Fortunate all are you whose eyes rest to-day on these few surviving soldiers of the Revolution. Fortunate are the youth and children who on this occasion and in this presence can pledge themselves to the cause of constitutional liberty. Of these men the next generation shall know only from history. Fortunate then that your lives began before theirs ended.

The patriot should do homage to these men, the statesman may sit at their feet and learn lessons of fidelity to principle, and citizens all may see how nobly ends the life begun in the performance of duty.

To-day the commonwealth of Massachusetts and the town of Acton dedicate this monument to the memory of the early martyrs of the Revolution, and consecrate it to the principles of liberty and of patriotism. Here its base shall rest and its apex point to the heavens through the coming centuries. Though it bears the names of humble men, and commemorates services stern rather than brilliant, it shall be as immortal as American history. The ground on which it stands shall be made classical by the deeds which it commemorates.
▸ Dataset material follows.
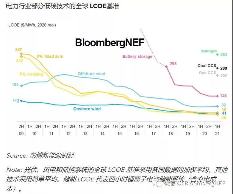 彭博新能源財經(jīng)首次將碳捕獲和封存系統(tǒng)納入煤炭和天然氣的LCOE計算中。根據(jù)對過去項目的分析,彭博新能源財經(jīng)估計,在五個關(guān)鍵地區(qū)中,搭配CCS系統(tǒng)的煤電LCOE為133到449美元/MWh,氣電LCOE為156到336美元/MWh。目前,使用綠氫的氣電LCOE為293到535美元/MWh。2021年上半年,小型核反應(yīng)堆在負(fù)載跟隨模式下的LCOE為354美元/MWh,在全天運行模式下的LCOE為240美元/MWh。更多信息,請期待即將發(fā)布《LCOE亮點:氫能、CCS和小型核反應(yīng)堆》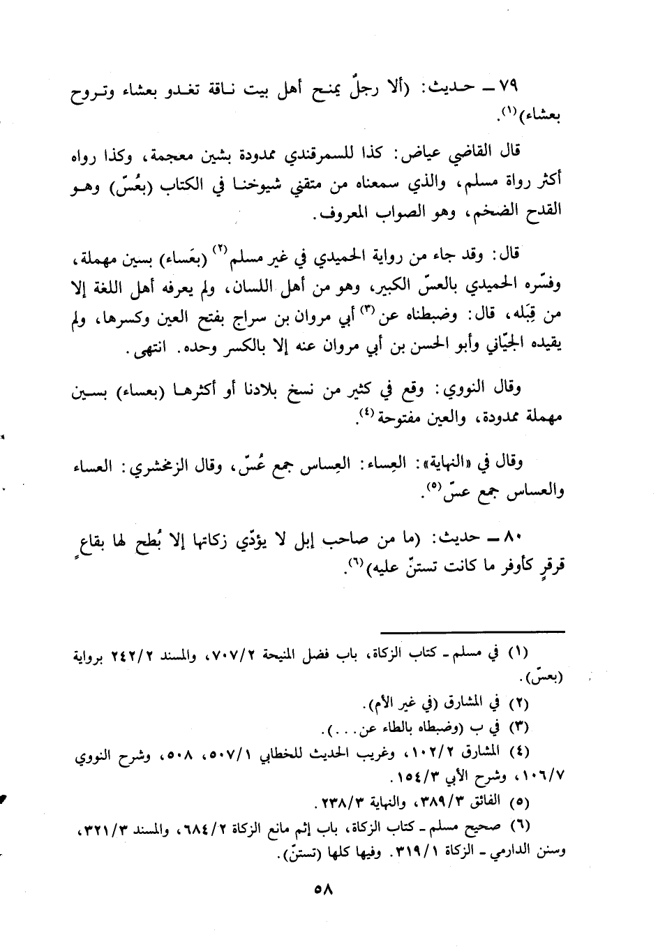 قَالَ وَقد جَاءَ من رِوَايَة الْحميدِي فِي غير مُسلم بعساء بسين مُهْملَة وَفَسرهُ الْحميدِي بالعس الْكَبِير وَهُوَ من أهل اللِّسَان وَلم يعرفهُ اهل اللُّغَة الا من قبله قَالَ وضبطناه عَن أبي مَرْوَان بن سراج بِفَتْح الْعين وَكسرهَا وَلم يُقَيِّدهُ الجياني وابو الْحسن بن أبي مرون عَنهُ الا بِالْكَسْرِ وَحده انْتهى

And may this monument exist only with the existence of the republic; and when God in His wisdom shall bring this government to nought, as all human governments must come to nought, may no stone remain to point the inquirer to fields of valor or to remind him of deeds of glory. And finally, may the republic resemble the sun in his daily circuit, so that none shall know whether its path were more glorious in the rising or in the setting.